Summary:   From Pat Deveney's database:

Whisper, The.
Voice of Tomorrow / Vancourier to the Voice / A Journalette of Prevenient Thought.
Independent, International / Give Tomorrow a Voice Today
Other titles: Voice of Tomorrow
1932–1936? Monthly through June 1933, then bimonthly, and then monthly
Valley of the Pines, Montague, MI. Editor: Joseph Alexander Sadony, founder and editor, and William Alvis Guthrie, M.D.. Succeeded by: Voice of Tomorrow
Corporate author: Official Organ for The International Board of Prevenient Education
1/1, March 1932. 8-16 pp., $1.00 a year, later available in exchange for free-will offerings to cover printing and postage.

The journal was intended as the "midget forerunner" designed to test the waters for a proposed Magazine of Prevenient Thought, Voice of Tomorrow, which never materialized. It announced itself in the first issue as "an international, independent Journal of practical, forward-looking synthetic Philosophy and Literature, advocating the non-sectarian union of Science and Religion, assisting in the promotion of universal understanding, and recognizing and investigating the little known possibilities and susceptibilities of the Human Mind. It seeks to capture fragments of Tomorrow's thought, philosophy and literature in all forms, as well as various phases of 'prevenient life'; presenting an 'official' Preview of the Human Scene." The forthcoming journal was to be "issued only to our staff — associate editor — contributors and a limited number of students, 'registered readers' and original subscribers, who are active in 'Giving Tomorrow a Voice Today.'" In line with this, the journal's masthead listed a large number of people on various Advisory Boards and as Associate Editors, Contributing Editors, Special Correspondents and representatives—the forerunners of the "Prevenient Net-work" that never came. The goal of the grandiose scheme was the "survival of the intuitively fit," and its secret was "to live in Tomorrow, in thought, just enough to be able to conduct Today in answer to the prayers you then might utter."

What this meant, apparently, was the exaltation of hunches received by "mental radio" and visualization of ideals in pursuit of the "unpremeditated life," the unselfconscious, natural, unsophisticated, intuitive achievement of man's inherent desires. (The picture on the masthead, appropriately, showed a bearded, long-haired man with an angel whispering in each ear.)

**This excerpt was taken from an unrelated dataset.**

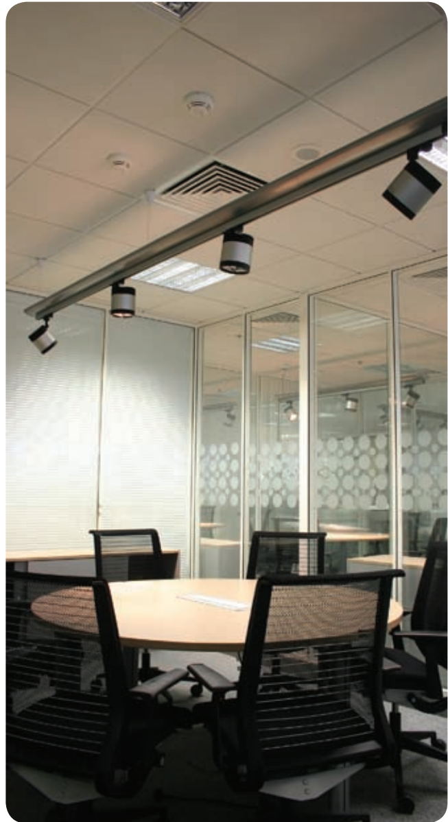
Офис компании British Petroleum (Москва)

The unpremeditated life included sex:

"Excessive sex seeks a sexless cloak; and because the spontaneous charm of well-balanced virginity has been lost, the first losers sought to put that charming cloak out of fashion, causing those who still possessed it to hide it in shame, don ning the appearance of a sophistication that was not natal and not quickly nor easily acquired. Neither the beauty nor sacredness of love finds their feminine expression in girls of experienced modesty, but rather in the unpremeditated, unselfconscious actions of unsophisticated, pure-minded 'children,'no matter what their age, for such will never 'grow up.'"

"But virtue is not virgin when a woman's purity is pride and show; when her fear of shame preserves her from vice to which her heart is attached; and when the refutation of chastity causes her to violate it. Nor should we condemn the question of sex, when it should be a pure interesting study; realizing it to be life itself, awakening life within life, and not merely animal propensities which are but its shadow."

Sadony (1877-1960), was German-born but grew up in Michigan and then Chicago. He worked as a photographer, movie maker, inventor, and author (Gates of the Mind, 1948), but is perhaps best known as the head of a "Society of Psychology" and its "free-love" House of Mystery colony in Michigan and Chicago, where he gathered around him (as his wife revealed in her 1908 divorce) a bevy of young girls (no more than 13 allowed) whom he trained to give him their earnings and submit to his trance commands—including divorcing their spouses (if any) and discarding their clothes in the colony.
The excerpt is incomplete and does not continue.